La bisexualité existe. Ensemble, défendons-la !

Bi’causerie – Visibilité Invisibilité

Compte rendu de la bi’causerie du 09/07/2001 – Visibilité Invisibilité

 

La visibilité bisexuelle semble nulle, il s’agit donc d’invisibilité.

Dans la définition, volonté de ne pas être vu : pour éviter les conflits, les souffrances, pour protéger la vie privée ou la vie de famille, pour maintenir la sexualité comme un jardin secret.
Il y a deux pôles : le pôle individuel et le pôle collectif.
On peut poser la question des bénéfices et des risques.

Obstacles à la visibilité :

Le courant psychanalytique induit la question : la bisexualité correspond-elle à une transition?
Dans cette société médiatique, la bisexualité n’est pas assez connue ou même occultée.
Choix puis structuration et résistance car dominante homo ou hétéro.
Le couple mixte rassure par rapport aux homosexualités « épisodiques ». Or pour nous cela signifie que la bisexualité en tant que telle n’est pas reconnue.
Dans l’entourage homo: méfiance, incompréhension, malaise.
Une règle : rester au niveau de ce que l’autre peut entendre, pour conserver la confiance.
Refus des parents.
Est-il sécurisant d’être invisible ? Cela provoque-t-il un mieux-être ? C’est une stratégie individuelle certainement avantageuse ? sinon nous serions beaucoup plus nombreux aux réunions de Bi’Cause ! C’est un choix souvent contraint cependant (par exemple si le conjoint n’est pas bi).

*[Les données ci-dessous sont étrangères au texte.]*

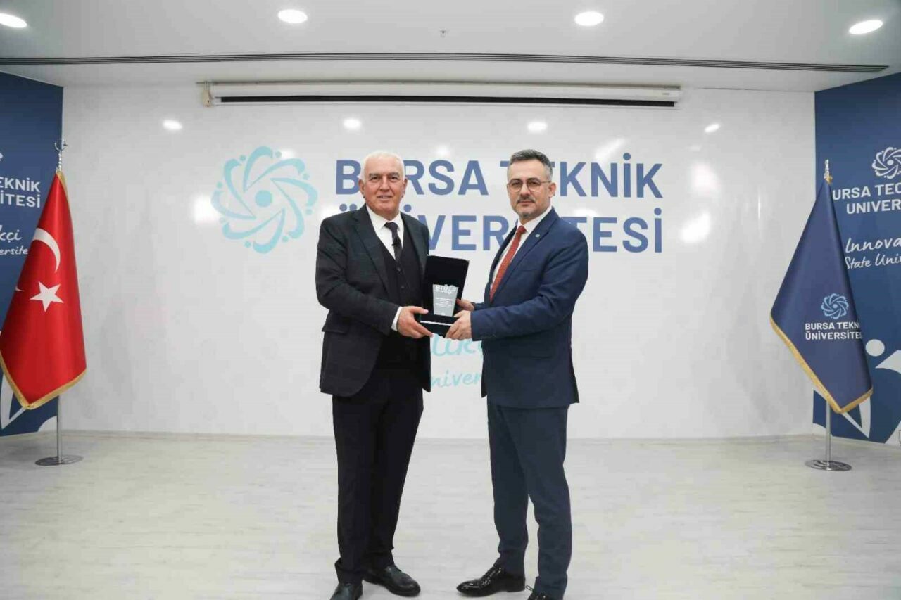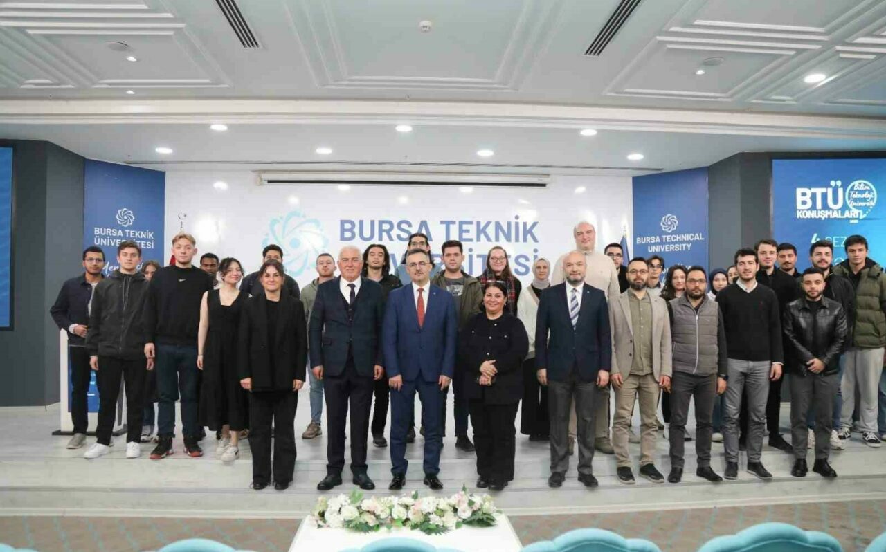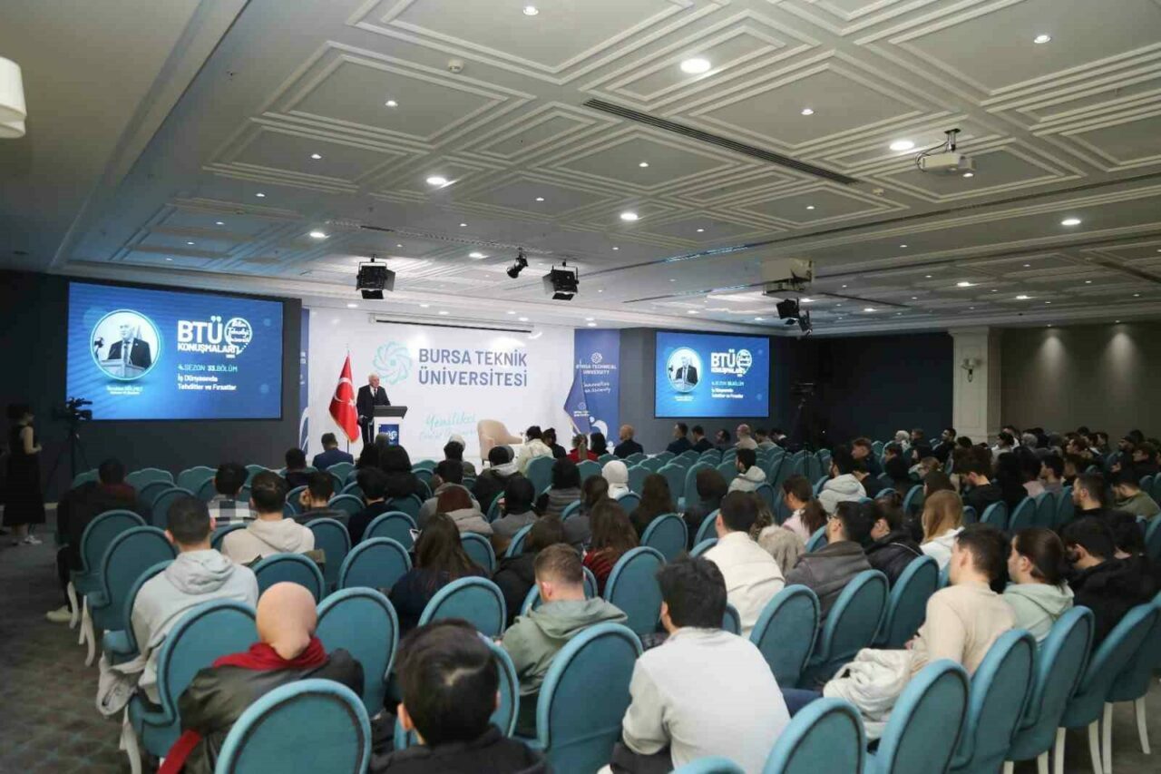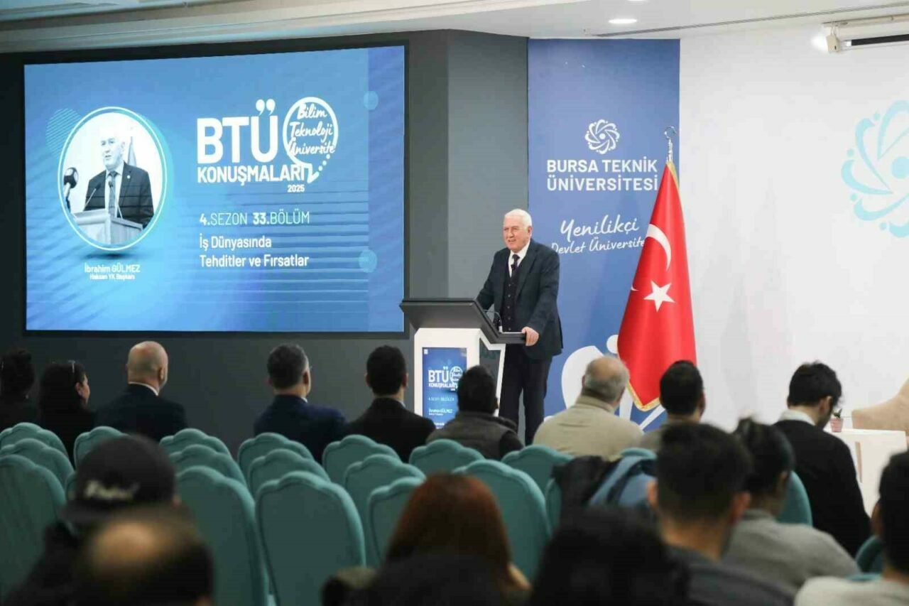 Bursa Teknik Üniversitesi öğrencileri, BTÜ Konuşmaları programıyla alanında uzman isimlerle buluşmaya devam ediyor. Bu doğrultuda her çarşamba günü Mimar Sinan Yerleşkesi Turkuaz Salon’da gerçekleşen BTÜ Konuşmaları’nın 4’ncü sezon 33’ncü bölüm konuğu, Haksan Otomotiv Yönetim Kurulu Başkanı İbrahim Gülmez oldu. Programa; BTÜ Rektörü Prof. Dr. Naci Çağlar, Rektör Yardımcıları Prof. Dr. Beyhan Bayhan ve Prof. Dr. Barış Tamer Tonguç, akademisyenler ile öğrenciler katıldı. “İş Dünyasında Tehditler ve Fırsatlar” başlıklı konuşmasını yapan Haksan Otomotiv Yönetim Kurulu Başkanı İbrahim Gülmez, sanayideki son gelişmeleri ve özel sektörde ihtiyaç duyulan mezun profilini paylaştı. Haksan Otomotiv’in BTÜ ile güçlü bir ilişkisi olduğunu vurgulayan İbrahim Gülmez, mühendislik ağırlıklı bölümlerin üniversite bünyesinde yer almasının sanayici için büyük öneme sahip olduğunu söyledi. Bursa’nın sanayi açısından büyük potansiyeller barındırdığını, özellikle otomotiv sektörünün öncü olduğunu ifade eden İbrahim Gülmez, mühendislik öğrencilerinin sanayi ile ilişkisinin artması gerektiğinin altını çizdi.

Liberté de dire ou de ne pas dire :

Nous avons la liberté de dire ou de ne pas dire, selon l’interlocuteur.
Par rapport aux autres cela passe éventuellement pour un « aveu ».
Alors on peut ressentir le besoin de garder le secret pour arriver à ses fins et ne pas avoir à s’expliquer.
Le besoin de se rendre visible peut venir d’une exigence personnelle et/ou politique. L’intérêt de la visibilité repose dans l’exigence de vérité et la valeur éducative.
Le fond du problème est la double affectivité. ((A Rotterdam on a parlé de la grille de Klein, approche multiple des diverses facettes de la bisexualité). Il faudrait travailler dessus.)

Une 1ère étape du processus si l’on veut se rendre visible à titre personnel peut être simplement de dire que la bisexualité existe.
Dire sa bisexualité focalise les regards, englue. On devient un cas à observer, on se retrouve avec une étiquette chargée de préjugés.
La bisexualité alternée est encore plus difficile à faire comprendre.
Mais la bisexualité n’est toujours qu’une dimension de la personnalité, il ne faut pas que l’on axe toute la personne sur cette dimension-là uniquement.
Devant des personnes de bonne intention, le langage ne sert à rien car la bisexualité n’est même pas identifiable quelque fois!
On peut aussi penser qu’il ne faut pas toucher à la vie privée, que l’immiscion dedans est une agression inacceptable.
Pour faire passer le message, on peut recourir à des euphémismes, par exemple « Je sors avec des filles ».
Révéler aux parents, c’est leur demander une réaction. Si on le fait par écrit, il reste un non-dit !

Au niveau associatif, nous sommes beaucoup d' » originaux bizarres « . Rendre l’association connue et reconnue pourra aider les individus anonymes à vivre leur bisexualité et la banaliser. L’adhésion sert à marquer sa propre volonté de visibilité parmi ses semblables.
A la Conférence européenne bi de Rotterdam (juin 2001) on a vu que la communauté s’étend.
Livre de poche: « Comprendre l’homosexualité » (Marina Castaneda) : il est question de la bisexualité dans un long chapitre à partir de la p. 290. C’est signe que la bisexualité est prise en compte. Encore faut-il examiner avec quelles nuances elle est appréhendée.
Mais en tout cas l’information se communique et se propage.
Le fantasme pour les hétéros : le bi bienheureux !
Manque de visibilité à la Gay Pride. Il faut travailler sur ce point aussi.
Comment faire avancer la visibilité bi collective?
– les homos œuvrent déjà pour nous depuis longtemps (PACS par exemple),
– favoriser l’homoparentalité,
– vivre nos désirs,
– rassembler les bisexuels planqués,
– plus de cohésion, un véritable but commun.

« Bi indéfinissable donc non reconnaissable donc invisible ».